The future of chess and elo ratings

Discussion of anything and everything relating to chess playing software and machines.

Moderators: hgm, Rebel, chrisw

thekingman
Posts: 35
Joined: Mon Mar 16, 2015 6:17 am

Re: The future of chess and elo ratings

Post by thekingman »

syzygy wrote:
lkaufman wrote:3. Choosing "sharp" openings is another way to increase resolution. The simplest way to do this is simply to select openings from a database of decisive GM games. But I think that pretty soon it will be difficult to find openings popular in GM praxis that offer Black any significant chance to win in a match between top engines. Going for the win/draw threshold is a solution that should last for centuries.
You think going for the win/draw threshold is going to give Black any chance to win??
It does in the game with colors reversed. Suppose when playing under "normal" conditions, engine A and B draw 90% of games, A wins 8%, and B wins 2%. When playing from an advantageous win/draw threshold position, A wins 70% and draws 30%, while when B has the advantageous win/draw threshold position, B wins 30% and draws 70%. It is a very clean and very simple way to maximize the number of decisive results.
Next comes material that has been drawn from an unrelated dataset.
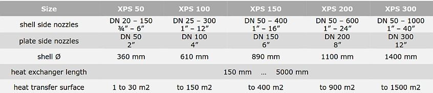Plate & Shell heat exchangers combine the, compact and countercurrnt, advantages of plate heat exchangers (Plate), coupled with the high pressure ratings of shell and tube heat exchaners provided by cylindrical shells (Shell). So, the best of both worlds. Heat transfer surfaces of 1 m² to 1000 m² enables thermal performance ranges from 10 kW all the way up to 100 MW (obviously dependant on the temperature driving force). The design parameters range from full vacuum to 400 bar (5,800 psi) and from -200 °C to 500 °C, so cryogenic LNG duties all the way to some gas turbine exhaust temperatures with everything else between.
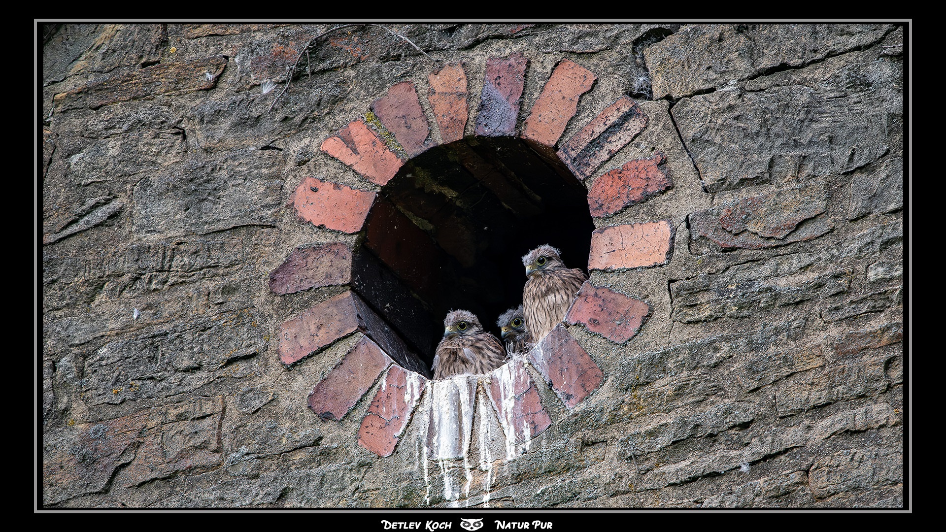 Der Turmfalke (Falco tinnunculus) - 3 Jungvögel noch mit Flaum, der sicherlich bald auch sich lösen wird.

This is very similar to what is often seen in checkers tournaments, where the first three moves are randomly decided, and then played again with colors reversed. On some occasions, they use a "hard book", where the only openings that can be randomly chosen are those most difficult to hold as a draw.

I am less certain, however, about the assumption that errors are bounded, and that there will ever come a time when there will be literally zero decisive games. I would envision a much smoother difference, as their number asymptotically decreases over time as level of play increases. That point may also be further away than we think. People used to speculate about how close Rybka 3 was to perfect play, and just a few short years later, it only scores 20% against Komodo. Even as the proportion of draws between top engines is increasing, I do not see any signs that their strength gains relative to the last generation of top engines are slowing down.
User avatar
Ozymandias
Posts: 1535
Joined: Sun Oct 25, 2009 2:30 am

Re: The future of chess and elo ratings

Post by Ozymandias »

syzygy wrote:
lkaufman wrote:3. Choosing "sharp" openings is another way to increase resolution. The simplest way to do this is simply to select openings from a database of decisive GM games. But I think that pretty soon it will be difficult to find openings popular in GM praxis that offer Black any significant chance to win in a match between top engines. Going for the win/draw threshold is a solution that should last for centuries.
You think going for the win/draw threshold is going to give Black any chance to win??
If the eval for a given line is -0.50, for example, of course it would, just the same as +0.50 would yield better results for white.
User avatar
Ozymandias
Posts: 1535
Joined: Sun Oct 25, 2009 2:30 am

Re: The future of chess and elo ratings

Post by Ozymandias »

Uri Blass wrote:
syzygy wrote:Imbalanced opening positions will result in (predictable) 1-0, 0-1 outcomes but are not a better way to measure the relative strength of two players.
We talk about positions that are imbalanced enough to produce 1-0 half of the times but 1/2-1/2 in another half of the times.
Only if one of the tested engines is weaker than the other. If they're about equal, the eval will translate into 100% wins, or 100% draws, depending on whether the complexity of the position is high or low, respectively.
User avatar
Ozymandias
Posts: 1535
Joined: Sun Oct 25, 2009 2:30 am

Re: The future of chess and elo ratings

Post by Ozymandias »

lkaufman wrote:Here are comments about several above posts.
1. My simplifications overstated the case, but the 35% benefit Kai mentions for using positions near the win/draw line is still pretty significant. I would conclude from his analysis that there is no need to go right up to the win/draw line, just approach it. Maybe +50 centipawn positions would be about ideal, probably still theoretically drawn in general but big chances of losing errors.
For your purposes, that's a round, nice number.
lkaufman wrote:3. Choosing "sharp" openings is another way to increase resolution. The simplest way to do this is simply to select openings from a database of decisive GM games. But I think that pretty soon it will be difficult to find openings popular in GM praxis that offer Black any significant chance to win in a match between top engines. Going for the win/draw threshold is a solution that should last for centuries.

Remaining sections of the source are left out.